SWIMMING TRAINING EMPHASIZING INTENSITY IS BETTER THAN A VOLUME-ORIENTED PROGRAM IN AGE-GROUP SWIMMERS
Sperlich, B., Haegele, M., Heilemann, I., Zinner, C., De Marees, M., Achtzen, S., & Mester, J. (2009). Weeks of high intensity vs. volume training in 9-12 year-old swimmers. ACSM 56th Annual Meeting, Seattle, Washington. Presentation number 959.
This study compared the effects of high intensity training vs. high volume training on performance as well as physiological and psychological values in children. In order to compare both training strategies, 27 competitive swimmers (ages 9-12 years) were separated into two training groups (intensive vs. volume) according to their 100-m freestyle personal best time. High intensity training was set at ~93% of personal best time corresponding to average lactate values of ~5.2 mmol/l. High volume training was set at 83% of personal best time with average lactate values of ~2.3 mmol/l. High intensity training volume was set at 57 x 50 m, 57 x 100 m, 15 x 200 m, and 3 x 300 m intervals (total: 27.3 km;, time per session was 60 minutes). High volume training volume was: 89 x 100 m, 62 x 200 m, 53 x 300 m, 19 x 400 m and 4 x 800 m intervals (57.3 km; time per session was 90 minutes). LEN- Points were evaluated before and after the six weeks intervention. Maximal oxygen uptake and power output at 4 mmol/l lactate were assessed during an incremental bicycle test before and after the mesocycle. Additionally all Ss performed a 2 km-test, a 100 m all-out test with logging of post lactate kinetics as well as a 6 x 50m-test in 50 m pool. All children rated their perception of exhaustion using a 16-point scale psychological questionnaire before and after each training session in order to detect possible overtraining symptoms. Furthermore, all swimmers performed a 50 m sprint after the warm-up phase in every training session.

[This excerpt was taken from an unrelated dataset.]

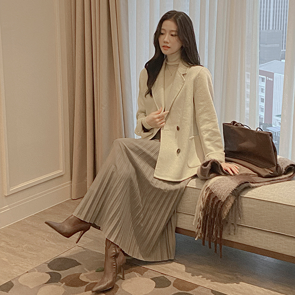 Feminine Wool&Biscos Banding Pleats Skirt

No statistical differences were found for any physiological and psychological variables between the groups. LEN-points from competition performances showed an increase of 9% for high volume training and 14.3% for high intensity training.
Implication. A six-week mesocycle of high volume training is not as beneficial as high intensity training in swimmers aged of 9-12 years. High intensity training showed the same effects as those achieved in high volume training which were achieved in less training time. This time saving strategy allows training contents to be devoted to other activities (e.g., technical and skill elements).